Zum ER-Streß haben wir mehr in unserem Blog-EIntrag erklärt:
Fabry als lysosomale Speichererkrankung, steckt womöglich mehr dahinter
(Quelle u.a.: https://doi.org/10.1101/2022.09.27.509714)

Daher schreiben auch die meisten Autoren noch den Zusatz, daß aufgrund der geringen Fallzahl und verschiedener offener Fragen die Apathogenität nicht unbedingt nachgewiesen werden kann und weitere Forschungen nötig sind.

Notwendige Forschungen, die durch das absichtliche Ausfiltern der umstrittenen Mutationen im Genlabor unmöglich gemacht werden.

Beispiel:
Auch eine Veröffentlichung aus 2020 bezieht sich auf diese beiden Studien um die Apathogenität nachzuweisen.

In dieser Veröffentlichung („An expert consensus document on the management of cardiovascular manifestations of Fabry disease“, Linhart et al. 2020) wurde geschrieben: „As a cautionary example, the p.Asp313Tyr change results in a serum pseudodeficiency of AGAL-A activity and is not disease-causing.

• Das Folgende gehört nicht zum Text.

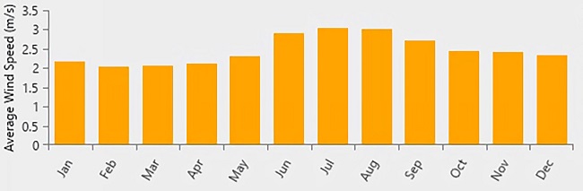 Another resource evaluated is wind 17, whose availability is shown in Figure 3. Making use of the databases available, it is evident that the wind resource is not what could be expected to take advantage of this type of energy, however this distributed resource has been taken into account for the optimization and for corresponding evaluation of possibilities 18.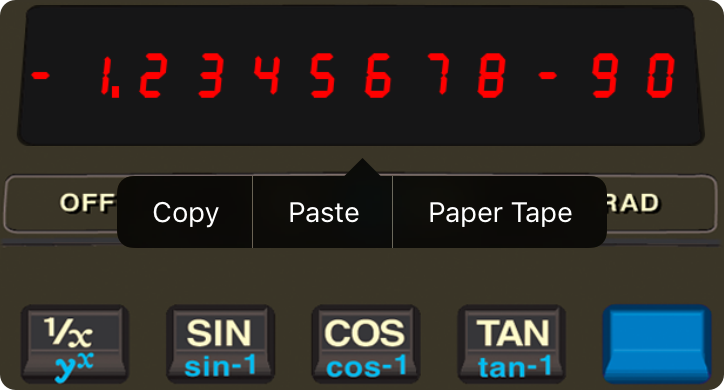 The display shows the X stack register, usually the result of the latest calculation. Tapping the display brings up the Copy / Paste / Paper Tape menu, allowing you to export the value of X, import a new value of X, or annotate the paper pape (Copy / Paste unavailable on Apple TV).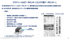 NTTドコモビジネスでは、発熱を抑えた液冷方式対応データセンターを首都圏、関西圏で提供している。今後は、液冷対応のコンテナ型データセンターを都市部だけでなく地方にも設置し、各地のAI需要に対応していく計画だ。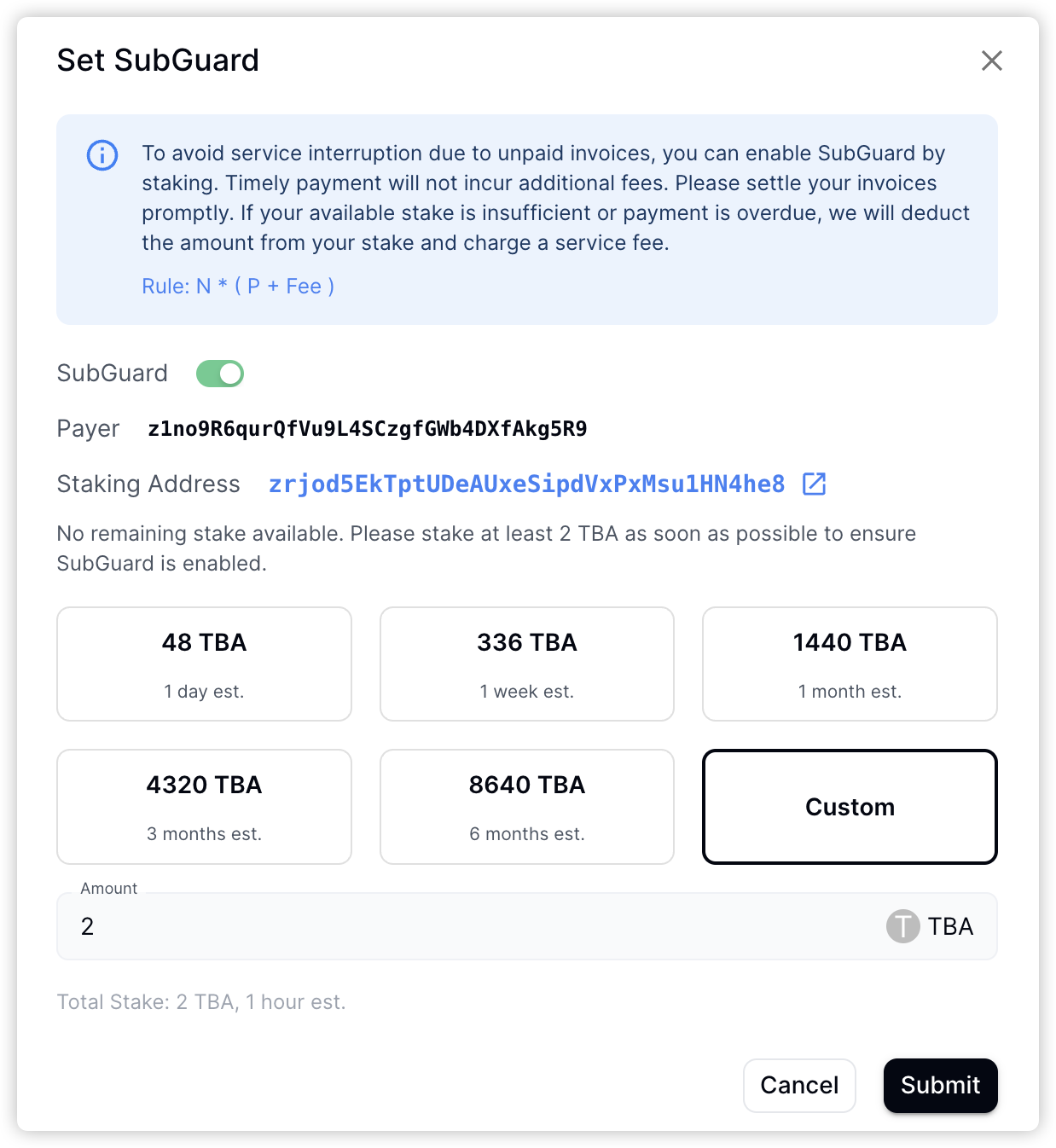 - 质押金额要求: 质押金额包括预估账单金额和订阅守护服务费,至少需质押一个周期的账单费用。

Similarly, a number of GLA variants previously thought to be disease-causing (e.g. p.Arg118Cys) have been shown to be of uncertain significance or likely benign. “ (Danach folgt eine Quellenangabe)

Wir haben die Quellen soweit zurückverfolgt, bis wir zur Originalquelle vorgedrungen waren:

In der Datenbank Varsome wiederum werden die Studie von Yasuda als Quelle benannt, um die Pathogenität nachzuweisen.